Reichart shot him an impatient glance and Brandon bared his teeth, a brief expression of irritation. “I couldn’t trace the e-mail message backward. The source IP was a dummy address. It’s like it came out of the Internet with no origin point.”
“You obviously missed something.”
“No,” Brandon insisted. “You’ve still got Erika under control, right?”
Reichart slid an indecipherable look at the other man. “Yeah. You could say that. She doesn’t have Internet access, that’s for sure.”
Brandon hesitated, then clenched his jaw and continued. “Then there’s somebody else out there who knows how to contact us through a highly sophisticated security network. You might want to be concerned about that.”
“Here you are.” The bank man reappeared, sliding the deposit box across the counter. “There are private rooms just down that corridor, if you’d like to open it there.”
Reichart put a big hand over the box. “That would be fine. Thanks.” The man nodded and gestured them down the hall, Reichart scooping the box up as he followed Brandon.

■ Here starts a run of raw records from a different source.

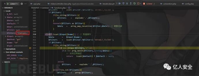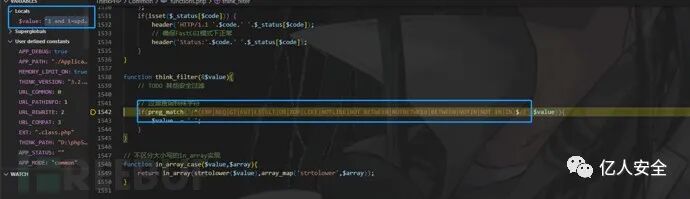 这里需要说明一下,之所以不用I方法,是因为I方法中存在过滤,即think_filter函数,其内容如下
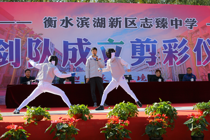 11月8日上午,衡水滨湖新区志臻中学击剑队成立剪彩仪式在操场隆重举行。为响应国家号召,深化体教融合,促进青少年健康发展,我校在市领导的关怀指导下,多方联系,积极筹措,在今天成立了衡水滨湖新区志臻中学击剑队。
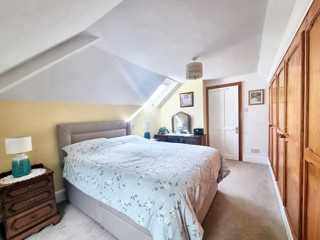 BEDROOM 1 (5.90m x 2.60m approx)(19'35" x 9'1" approx) with fitted carpet, two skylight windows, range of six built-in wardrobes, radiator and access to the eaves storage areas.
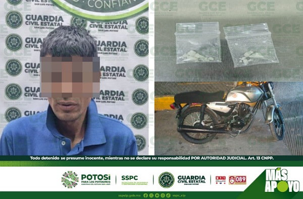 San Luis Potosí, S.L.P.- Como resultado de los operativos de seguridad que son implementados por los elementos de la Guardia Civil Estatal (GCE), un hombre fue detenido por los presuntos delitos de tripulación de una motocicleta con placa sobrepuesta y posesión de droga.

…the seam was a trapdoor in the van’s floor. I only made it about twenty feet before the bomb went off, thirty seconds after it set. I got thrown into the scrub at the side of the road, and ran like hell once I got up again. I saw on television that the driver survived, but that Cris and I were lost in the explosion.
I’m going to keep it that way. I think I can do more as a ghost than as a living person, at least for the time being. There’s a lot to be done. The Sicarii may be broken, but they’re not defeated. Cristina’d still be alive if they were, but I have it from pretty damned good sources that they took her out in order to protect themselves. They must have been afraid that federal prison would break her where county jail couldn’t.

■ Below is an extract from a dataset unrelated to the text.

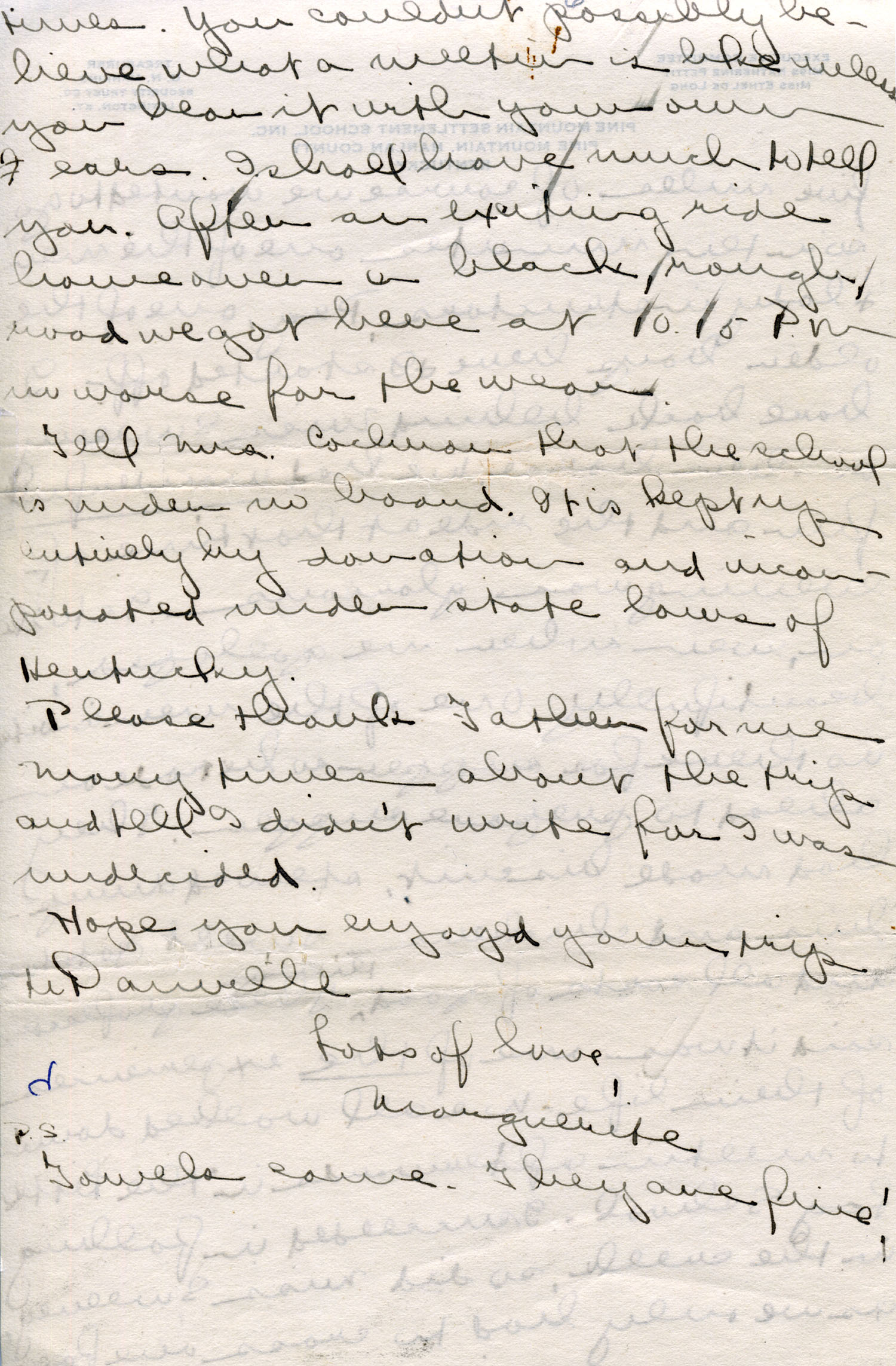 It is getting late so that I must turn in. Do tell Bee to write me about the trip home and you tell the Wilsons all you know about Pine Mountain for I am too busy to write much.

Teresa knows I’m alive. I talked to her before my funeral—which was very nice, by the way. Thank you both for speaking at it. I was too far away to hear you, except for bits that the wind carried to me, but it meant a lot that you were there.
The funny thing is how the peopl
e who were there seemed overshadowed by the ones who weren’t. I kept looking for Boyer, and all I could find was Greg, too small and too slight to fill that man’s memory. I even looked for Cristina, though I was there when she died. What is this mess we call our lives, if even our deaths are haunted by the ghosts we’ve seen made?
Besides Teresa, you’re the only two who know I’m alive, and that’s only assuming you’re reading this at all. Both of you had to come to the bank and present yourselves and your IDs for them to hand over the key. One wasn’t enough. I left very specific instructions.
Brandon, I have a message for you from Eve, Lilith’s “daughter”: she says information wants to be free, and that you never should have given her progenitor access to the Internet if you intended to keep her constrained. She’s also sorry about Lilith’s death, but says you should know your work wasn’t entirely lost. Just transmuted, she says, and she says that all living things change, so you should be content with that.
From me, good luck.
And as for you, Frank…
You know where to find me.
Leesh
You know where to find me.
Fog rolled in off the river, cutting a swath of coolness through the muggy Parisian evening and altering the light to misty blue, the color of old paintings and romantic movies, and the color of her own memories. Alisha lifted her face to the cooler air, smiling against it. Voices babbled around her, warm greetings spoken in French, full of joy and life. The café surrounding her spilled out its own doors and down toward the river, a low wall protecting patrons from splashes.